In addition, the selection of 13 Mango R2E2 samples (five unripe, four ripe, and four overripe) for this study was based on their popularity and wide accessibility across diverse retail settings, including supermarkets, grocery stores, and fruit markets.

Mango fruits Raman spectra

Among the five peaks observed in the Raman spectra of R2E2 Mango, peak 5 recorded the highest Raman intensity value, while peak 1 had the lowest Raman intensity value. The sequence of peaks, based on increasing Raman intensity values, is as follows: peak 1, 4, 2, 3, and 5. Raman bands are related to the molecular vibrations present in mango fruit samples. Additionally, the peak position of the Raman spectrum is connected to the structure of the functional groups. Furthermore, the observed Raman intensity value for each peak provides information about molecular density; higher molecular density results in lower peak intensity, whereas lower molecular density leads to higher peak intensity. It is essential to study the relationship between the peak position in the Raman spectrum and the material’s structure.

The Raman spectrum obtained in this study showed that each observed peak corresponds to molecular vibrations in the carotenoid compound, as shown in Fig. 3. In addition, Fig. 4 also shows the difference in Raman spectra between underripe, ripe, and overripe mangoes. These compounds consist of molecular chains, such as C=C, C-C, CH3, and CH2, each producing a distinct vibrational mode, and verify the findings from Raj et al. (2021). The first peak, located around 956 cm−1, results from molecular vibrations of C-C, CH2, and CH3 in carotenoids. The second peak at 1,005 cm−1 is attributed to the C-H stretching vibration of the CH3 group. Moreover, the third peak found at 1,150 cm−1 is associated with C-C molecular vibrations. Additionally, the fourth peak, located at around 1,270 cm−1, is possibly representing C-H molecular vibrations. Lastly, the fifth Raman peak, situated at about 1,515 cm−1, is attributed to the vibration of the C=C molecule.

According to Trebolazabala et al. (2017), ripe and overripe fruits exhibited high levels of β-carotene. β-carotene is responsible for the red-orange pigment found in fruits, vegetables, and trees (Trebolazabala et al., 2017). As a result, the presence of β-carotene is less noticeable in underripe fruits. The lack of β-carotene content at the less mature stage can also be attributed to the possible dominance of the green pigment contributed by chlorophyll a compounds. Therefore, the selection of the 1,480 cm−1 to 1,550 cm−1 range for this study was motivated by the presence of β-carotene in this particular range.

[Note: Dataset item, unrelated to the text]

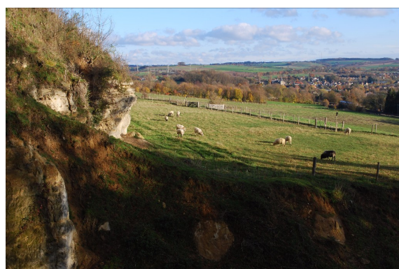
Doelkesberg, in Valkenburg

Natuurmonumenten staat als partner aan de lat voor de verwerving van 29 ha grond in het Life project. Een eerste grote slag is binnengehaald met de aankoop van 11,6 ha grond uit een grondruil in de herverkaveling Mergelland Oost. Op dit moment worden de terreinen geïnventariseerd en in 2016 voor de eerste keer benut worden in het project.

Raman spectra of mango fruit with molecular vibration mode references.

Figure 3: Raman spectra of mango fruit with molecular vibration mode references.

Difference in Raman spectra between underripe, ripe and overripe mango.

Figure 4: Difference in Raman spectra between underripe, ripe and overripe mango.

The Raman peak position documented in this study aligns with findings reported by Raj et al. (2021). Peak 5 observed in the Raman spectrum originates from various organic compounds, including β-carotene, lycopene, lutein, and neoxanthin (Raj et al., 2021).

In this study, all four hidden peaks in Peak 5, denoted as V1, V2, V3, and V4, have been successfully identified, each with a unique peak position, as shown in Fig. 5. Based on theoretical analysis, the V2 Raman band located around 1,516 cm−1 is associated with β-carotene molecules. The V1 Raman band that is positioned to the left of the V2 Raman band can be attributed to the lycopene molecule. The justification for this interpretation is that linear molecules, such as lycopene, have a lower peak position compared to β-carotene molecules, due to the linear structure of lycopene and the ring structures at both ends of β-carotene (Maoka, 2020).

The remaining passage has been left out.